* _Task to complete_
Of the entries below, return exactly those lines that fall between the one containing "tempo得宝湿巾清洁消毒100片单片学生便携装德宝清洁湿纸巾卫生" and the one containing "Для онлайн-передплати необхідно", the two end lines included.

* _Material for this exercise_
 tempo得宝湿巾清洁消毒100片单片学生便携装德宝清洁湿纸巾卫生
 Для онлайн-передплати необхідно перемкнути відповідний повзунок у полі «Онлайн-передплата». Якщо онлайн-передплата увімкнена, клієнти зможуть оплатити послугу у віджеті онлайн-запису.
* * *
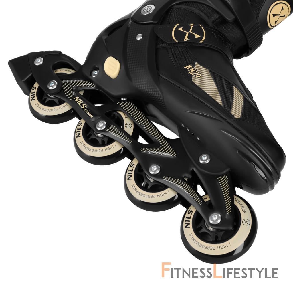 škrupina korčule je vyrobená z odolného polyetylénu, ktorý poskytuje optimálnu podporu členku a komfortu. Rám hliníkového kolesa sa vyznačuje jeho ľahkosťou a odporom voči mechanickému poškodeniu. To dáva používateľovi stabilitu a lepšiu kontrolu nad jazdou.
--
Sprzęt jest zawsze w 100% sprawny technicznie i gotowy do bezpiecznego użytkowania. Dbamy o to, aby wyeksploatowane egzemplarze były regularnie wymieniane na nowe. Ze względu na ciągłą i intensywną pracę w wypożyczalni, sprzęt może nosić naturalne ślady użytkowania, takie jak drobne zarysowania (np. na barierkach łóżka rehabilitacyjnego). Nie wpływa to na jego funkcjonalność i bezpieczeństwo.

* _Exercise answer_
 tempo得宝湿巾清洁消毒100片单片学生便携装德宝清洁湿纸巾卫生
 Для онлайн-передплати необхідно перемкнути відповідний повзунок у полі «Онлайн-передплата». Якщо онлайн-передплата увімкнена, клієнти зможуть оплатити послугу у віджеті онлайн-запису.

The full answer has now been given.